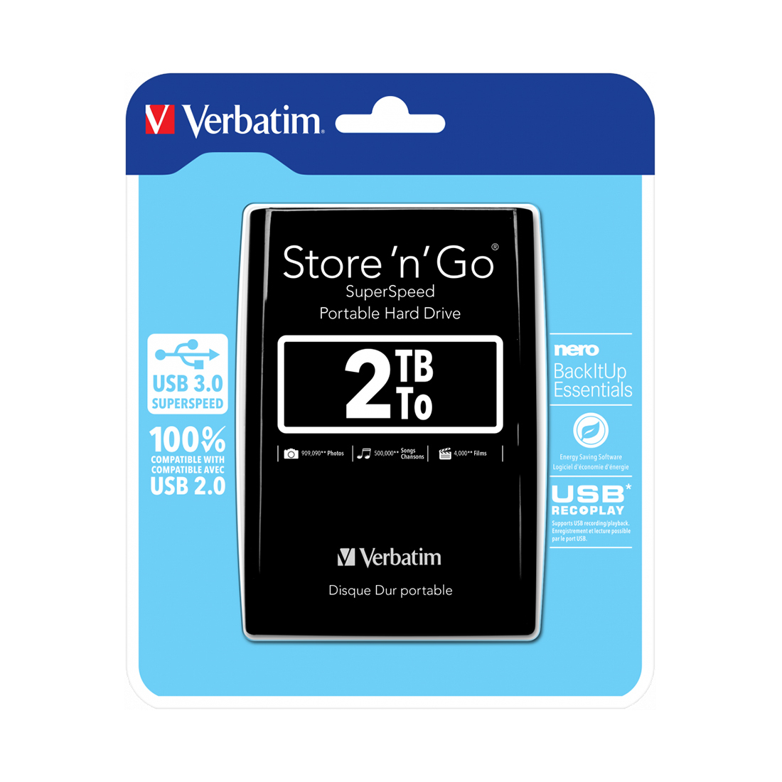 Переносной жесткий диск Verbatim Store 'n' Go — это высокопроизводительное устройство для хранения данных, которое поддерживает сверхбыстрый интерфейс USB 3.0. Храните и переносите файлы с помощью по-настоящему мобильного устройства. Стильный дизайн корпуса прекрасно подойдет к современному рабочему столу и будет отлично сочетаться с ноутбуком. Просто подключите жесткий диск к компьютеру, и он сразу будет готов к работе.
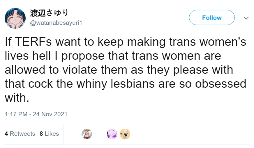 Important note: I do not believe the hateful content depicted on this site represents the majority of trans people. However, I believe it is a problem that needs to be addressed. Many trans rights activists and their supporters are not trans themselves. Talking about male violence doesn't mean most men are bad. Similarly, talking about discrimination done in the name of trans people does not mean most trans people are bad. Some trans people have bravely spoken out in support of women and LGB people, and have been ostracised from the LGBT community as a result.
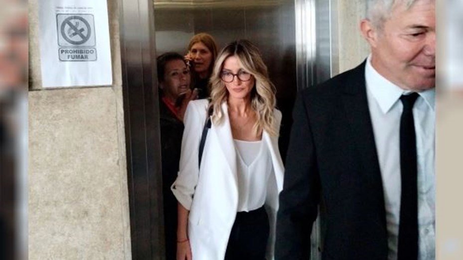 La modelo ingresó junto a Fernando Burlando a la fiscalía de González en el quinto piso de Comodoro Py 2002 para declarar bajo juramento de verdad en relación a si vio agresiones durante su paso laboral o privado por la residencia de Olivos.
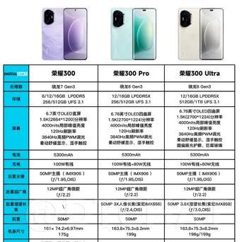 标准版厚度仅为 6.97mm,机身重量为 175g 主打轻薄。荣耀 300 Pro 与荣耀 300 Ultra 机身厚度均为 8.2mm,机身重量 199g。
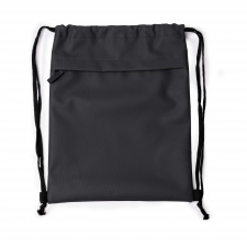 Worek wykonany z tkaniny RPET 210D z zewnętrzną kieszenią z wyściełanego materiału i zamkiem błyskawicznym.

######

◆ AIM OF THE TASK
When you reproduce the entries above, keep every word exactly and leave out each picture.

◆ OUTPUT FOR THIS EXERCISE
 Переносной жесткий диск Verbatim Store 'n' Go — это высокопроизводительное устройство для хранения данных, которое поддерживает сверхбыстрый интерфейс USB 3.0. Храните и переносите файлы с помощью по-настоящему мобильного устройства. Стильный дизайн корпуса прекрасно подойдет к современному рабочему столу и будет отлично сочетаться с ноутбуком. Просто подключите жесткий диск к компьютеру, и он сразу будет готов к работе.
 Important note: I do not believe the hateful content depicted on this site represents the majority of trans people. However, I believe it is a problem that needs to be addressed. Many trans rights activists and their supporters are not trans themselves. Talking about male violence doesn't mean most men are bad. Similarly, talking about discrimination done in the name of trans people does not mean most trans people are bad. Some trans people have bravely spoken out in support of women and LGB people, and have been ostracised from the LGBT community as a result.
 La modelo ingresó junto a Fernando Burlando a la fiscalía de González en el quinto piso de Comodoro Py 2002 para declarar bajo juramento de verdad en relación a si vio agresiones durante su paso laboral o privado por la residencia de Olivos.
 标准版厚度仅为 6.97mm,机身重量为 175g 主打轻薄。荣耀 300 Pro 与荣耀 300 Ultra 机身厚度均为 8.2mm,机身重量 199g。
 Worek wykonany z tkaniny RPET 210D z zewnętrzną kieszenią z wyściełanego materiału i zamkiem błyskawicznym.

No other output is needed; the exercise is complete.